- [WHAT IS REQUIRED]
Retype each entry exactly as written, and keep the pictures out of the copy.

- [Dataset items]
========
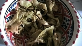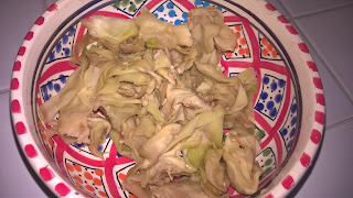 Sbucciatele e tagliatele a fettine sottilissime; salate e lasciatele in uno scolapasta a perdere tutta l’acqua di vegetazione. Quindi strizzatele per bene e mettetele in una ciotola con una parte d’acqua, una di succo di limone e una di aceto bianco. Vedrete che diventeranno molto chiare. Lasciatele in questa soluzione per mezza giornata.
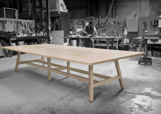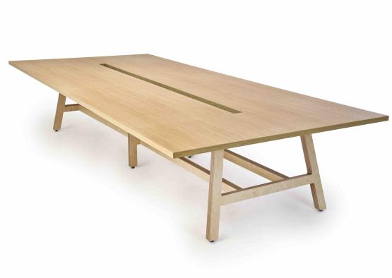 The frame is made of birch plywood and tops made in-house to ensure the best possible match with the entire table finished in a low-VOC clear coating.
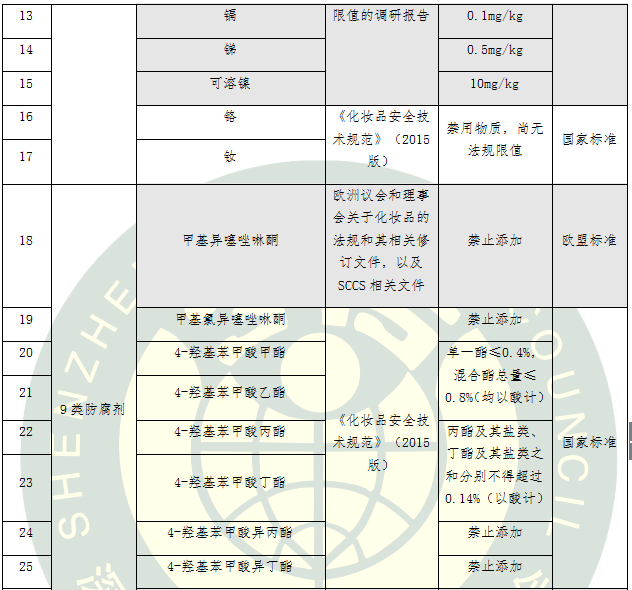 本次比較試驗檢測項目廣泛征求了企業(yè)、業(yè)內(nèi)專家和第三方檢測機構(gòu)的意見,不僅依據(jù)了現(xiàn)行國家標準,而且在國標基礎(chǔ)上結(jié)合嚴格的歐盟標準 《歐盟化妝品法規(guī)EC1223/2009及其相關(guān)修訂文件》、《歐盟消費者安全科學委員會(SCCS)關(guān)于化妝品安全的第九版指南》、德國聯(lián)邦消費者保護和食品安全局(BVL)關(guān)于可避免雜質(zhì)重金屬限值的調(diào)查報告、美國《聯(lián)邦食品、藥品和化妝品法案》、日本厚生勞動省《藥事法》以及其它相關(guān)標準、法規(guī)和技術(shù)文件的要求,采用國家標準檢測方法、實驗室通用方法等手段進行檢測,從44項指標展開氣墊粉底安全性品質(zhì)大比拼,詳細項目與要求見表1。
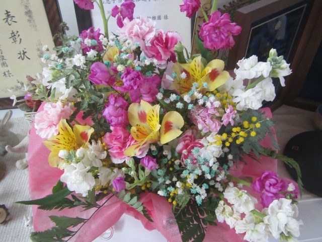今日は、第3学期終業式。はな組の子どもたちは、砂場のおもちゃをきれいに洗い、片付けました。そして、終業式では、園長先生から進級記念品をいただき、丁寧にお辞儀をしたり、少し恥ずかしそうに手を伸ばす姿が見られました。この1年、たくさん遊び、元気に過ごしてきた子どもたち。幼稚園にご協力いただいた保護者の皆さん。温かく見守ってくださっている地域の皆さん。ありがとうございました。
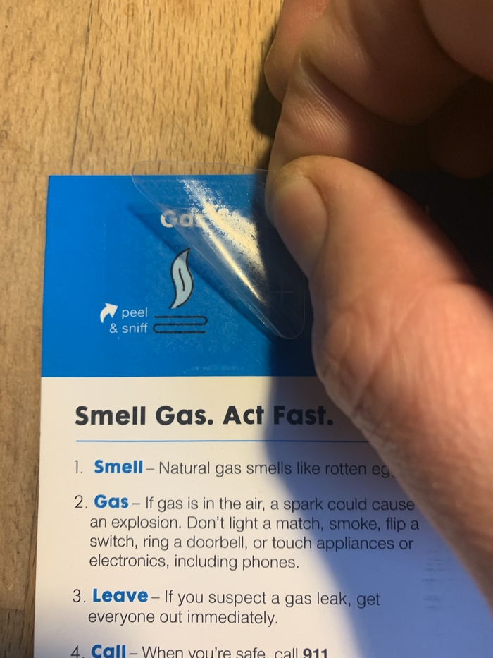 Сегодня получил по почте открытку от газовой компании с инструкцией что делать в случае обнаружения запаха газа. В первом окошке закрытом плёнкой нужно было отклеить пластик поскрести и понюхать. Ну да, воняет этаниолом. Хотя хотелось бы чтобы пахло цветами.
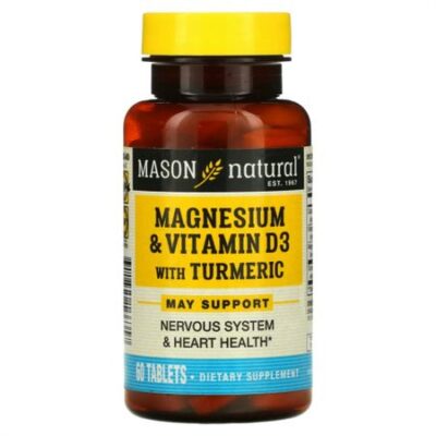 Пищевая ценностьРазмер порции: 1 таблетка Количество в 1 порции% от суточной нормыКальций (в виде дикальций фосфата)64 мг 5%Витамин D3 (холекальциферол)75 мкг (3000 МЕ)370%Магний (в виде оксида магния)500 мг120%Экстракт из корня куркумы (Curcuma longa), стандартизированный до 95% куркуминоидов150 мг**** Суточная норма не определена. Компания основана в 1967 годуМожет поддерживатьЗдоровье нервной системы и сердцаПищевая добавкаНе содержит соиПродукт прошел лабораторные испытания и имеет гарантию качества MasonПроизводится в соответствии со стандартом качества cGMP. Сертификат качества 5 Star
========
- [REPLY]
 Sbucciatele e tagliatele a fettine sottilissime; salate e lasciatele in uno scolapasta a perdere tutta l’acqua di vegetazione. Quindi strizzatele per bene e mettetele in una ciotola con una parte d’acqua, una di succo di limone e una di aceto bianco. Vedrete che diventeranno molto chiare. Lasciatele in questa soluzione per mezza giornata.
 The frame is made of birch plywood and tops made in-house to ensure the best possible match with the entire table finished in a low-VOC clear coating.
 本次比較試驗檢測項目廣泛征求了企業(yè)、業(yè)內(nèi)專家和第三方檢測機構(gòu)的意見,不僅依據(jù)了現(xiàn)行國家標準,而且在國標基礎(chǔ)上結(jié)合嚴格的歐盟標準 《歐盟化妝品法規(guī)EC1223/2009及其相關(guān)修訂文件》、《歐盟消費者安全科學委員會(SCCS)關(guān)于化妝品安全的第九版指南》、德國聯(lián)邦消費者保護和食品安全局(BVL)關(guān)于可避免雜質(zhì)重金屬限值的調(diào)查報告、美國《聯(lián)邦食品、藥品和化妝品法案》、日本厚生勞動省《藥事法》以及其它相關(guān)標準、法規(guī)和技術(shù)文件的要求,采用國家標準檢測方法、實驗室通用方法等手段進行檢測,從44項指標展開氣墊粉底安全性品質(zhì)大比拼,詳細項目與要求見表1。
今日は、第3学期終業式。はな組の子どもたちは、砂場のおもちゃをきれいに洗い、片付けました。そして、終業式では、園長先生から進級記念品をいただき、丁寧にお辞儀をしたり、少し恥ずかしそうに手を伸ばす姿が見られました。この1年、たくさん遊び、元気に過ごしてきた子どもたち。幼稚園にご協力いただいた保護者の皆さん。温かく見守ってくださっている地域の皆さん。ありがとうございました。
 Сегодня получил по почте открытку от газовой компании с инструкцией что делать в случае обнаружения запаха газа. В первом окошке закрытом плёнкой нужно было отклеить пластик поскрести и понюхать. Ну да, воняет этаниолом. Хотя хотелось бы чтобы пахло цветами.
 Пищевая ценностьРазмер порции: 1 таблетка Количество в 1 порции% от суточной нормыКальций (в виде дикальций фосфата)64 мг 5%Витамин D3 (холекальциферол)75 мкг (3000 МЕ)370%Магний (в виде оксида магния)500 мг120%Экстракт из корня куркумы (Curcuma longa), стандартизированный до 95% куркуминоидов150 мг**** Суточная норма не определена. Компания основана в 1967 годуМожет поддерживатьЗдоровье нервной системы и сердцаПищевая добавкаНе содержит соиПродукт прошел лабораторные испытания и имеет гарантию качества MasonПроизводится в соответствии со стандартом качества cGMP. Сертификат качества 5 Star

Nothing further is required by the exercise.